Все трое собрались в комнате у Эда — у него болела голова после ночного приключения. И его мучил вопрос: где и когда он видел Эрнста Шаттерханда. Ни он, ни Ал не могли пока дать друг другу ответа.
— Вот придурки эти богачи, — проворчал Эд, поудобнее подкладывая мягчайшую пуховую подушку под многострадальную голову. — Этот Веллер отвалил нам такие деньжищи и так беспокоился о целостности коробки из-за какого-то идиотского кактуса!
Несмотря на то, что Ал считал форму высказываний брата слишком резкой, не согласиться с ним по существу он не мог.
— Эд, Ал, — неуверенно начала Ноа, — вы всю поездку сами не свои. Что происходит? Вы знаете этого Шаттерханда?
Эдвард нахмурился. Его раздражало любопытство цыганки, но, с другой стороны, он мог её понять: его бы самого не устраивала ситуация, в которой его таскали бы за собой по всей стране как бесплатное приложение и при этом не вводили в курс дела. Но одно дело он, а другое — эта девчонка!
— С чего ты вообще взяла, что мы его знаем? — огрызнулся Элрик. — Если ты такая умная, может расскажешь нам, где и когда мы с ним встречались?
Ноа потупилась. Она никак не могла понять, когда её вопросы были уместными, а когда выводили Эдварда из себя. Иной раз он охотно пускался в разговоры, но чаще Эд, подобно потревоженному ежу или дикобразу, ощеривался и выпускал иголки, превращаясь в абсолютно несносную личность. Но Ноа с упорством, достойным лучшего применения, тянулась к нему.
— Брат, Ноа права, — возразил Ал. — Ты час от часу все мрачнее и мрачнее. И неужели тебе этот мужчина не показался знакомым?
— Башка раскалывается, — неохотно признался старший, переводя тему.

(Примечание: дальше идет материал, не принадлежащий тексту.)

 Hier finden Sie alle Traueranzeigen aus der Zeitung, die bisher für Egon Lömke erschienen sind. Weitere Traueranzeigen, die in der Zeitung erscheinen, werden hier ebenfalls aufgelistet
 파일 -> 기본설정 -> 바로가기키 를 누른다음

Альфонс вздохнул — всегда вот так! Всегда из этого упрямца всё надо вытягивать клещами! Его брат всё время пытался взвалить себе на плечи не только огромный небосвод — весь мир со всеми его бедами, горестями и разочарованиями. И сколько бы Ал не твердил ему, что эта ноша не под силу никому, Эд снова и снова бросался из огня да в полымя. Он всегда был мастером невыполнимых обещаний, и, что самое удивительное, ухитрялся так обходиться с окружающей его реальностью, что обвинить его в нарушении слова было крайне затруднительно.

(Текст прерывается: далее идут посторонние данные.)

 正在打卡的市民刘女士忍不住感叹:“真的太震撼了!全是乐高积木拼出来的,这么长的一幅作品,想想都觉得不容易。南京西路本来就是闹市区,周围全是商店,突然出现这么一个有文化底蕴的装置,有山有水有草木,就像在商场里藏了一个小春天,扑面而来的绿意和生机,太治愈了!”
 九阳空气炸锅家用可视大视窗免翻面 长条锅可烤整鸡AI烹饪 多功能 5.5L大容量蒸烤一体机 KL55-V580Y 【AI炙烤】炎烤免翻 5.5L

— Ал… — Ноа подняла тёмные глаза. — А Эд… Каким он был в детстве?
— Очень целеустремленным, — глаза Альфонса засияли, когда он вспомнил маленького брата и их детство, — упрямым, несговорчивым… Самым лучшим!

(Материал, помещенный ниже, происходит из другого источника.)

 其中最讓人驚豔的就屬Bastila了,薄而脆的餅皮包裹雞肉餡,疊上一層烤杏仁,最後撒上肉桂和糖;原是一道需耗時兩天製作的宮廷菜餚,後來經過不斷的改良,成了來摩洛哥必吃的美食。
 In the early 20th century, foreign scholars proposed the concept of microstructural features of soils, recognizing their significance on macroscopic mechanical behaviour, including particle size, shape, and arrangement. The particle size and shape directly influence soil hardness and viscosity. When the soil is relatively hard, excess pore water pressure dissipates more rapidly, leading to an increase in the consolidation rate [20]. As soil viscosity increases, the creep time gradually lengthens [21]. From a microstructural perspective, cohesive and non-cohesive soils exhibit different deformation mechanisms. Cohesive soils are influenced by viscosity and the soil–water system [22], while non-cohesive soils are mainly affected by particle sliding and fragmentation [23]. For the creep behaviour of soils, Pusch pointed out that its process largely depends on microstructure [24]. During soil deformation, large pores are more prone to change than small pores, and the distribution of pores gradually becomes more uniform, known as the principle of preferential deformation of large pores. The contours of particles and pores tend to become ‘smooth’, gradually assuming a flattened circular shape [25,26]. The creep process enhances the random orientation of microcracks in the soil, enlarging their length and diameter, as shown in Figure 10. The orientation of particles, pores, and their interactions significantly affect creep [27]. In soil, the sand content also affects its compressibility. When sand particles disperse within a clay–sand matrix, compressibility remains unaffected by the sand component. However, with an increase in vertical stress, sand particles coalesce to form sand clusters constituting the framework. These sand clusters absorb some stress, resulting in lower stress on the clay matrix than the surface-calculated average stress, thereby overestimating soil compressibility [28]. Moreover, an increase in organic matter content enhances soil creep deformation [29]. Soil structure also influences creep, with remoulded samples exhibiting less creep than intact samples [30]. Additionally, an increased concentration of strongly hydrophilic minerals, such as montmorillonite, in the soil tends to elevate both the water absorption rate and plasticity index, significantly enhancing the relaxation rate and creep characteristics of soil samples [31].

«Прямо как сейчас», — подумала цыганка. Чем дольше она путешествовала с братьями, тем больше привыкала к ершистому характеру Эда и тем меньше представляла собственную жизнь без него.
Альфонс посмотрел на девушку и его осенило: она же не сомкнула глаз. Да и ему спать хотелось, а идея оставлять её одну бродить по этому чужому дому казалась ему чистой воды безумием. Проводив Ноа в её спальню, Ал направился к себе. Сколько он ни силился вспомнить голос Шаттерханда и обстоятельства, в которых мог его слышать, ничего не выходило. После долгих мучительных попыток оживить в памяти хоть что-то, Ал провалился в тяжёлый сон.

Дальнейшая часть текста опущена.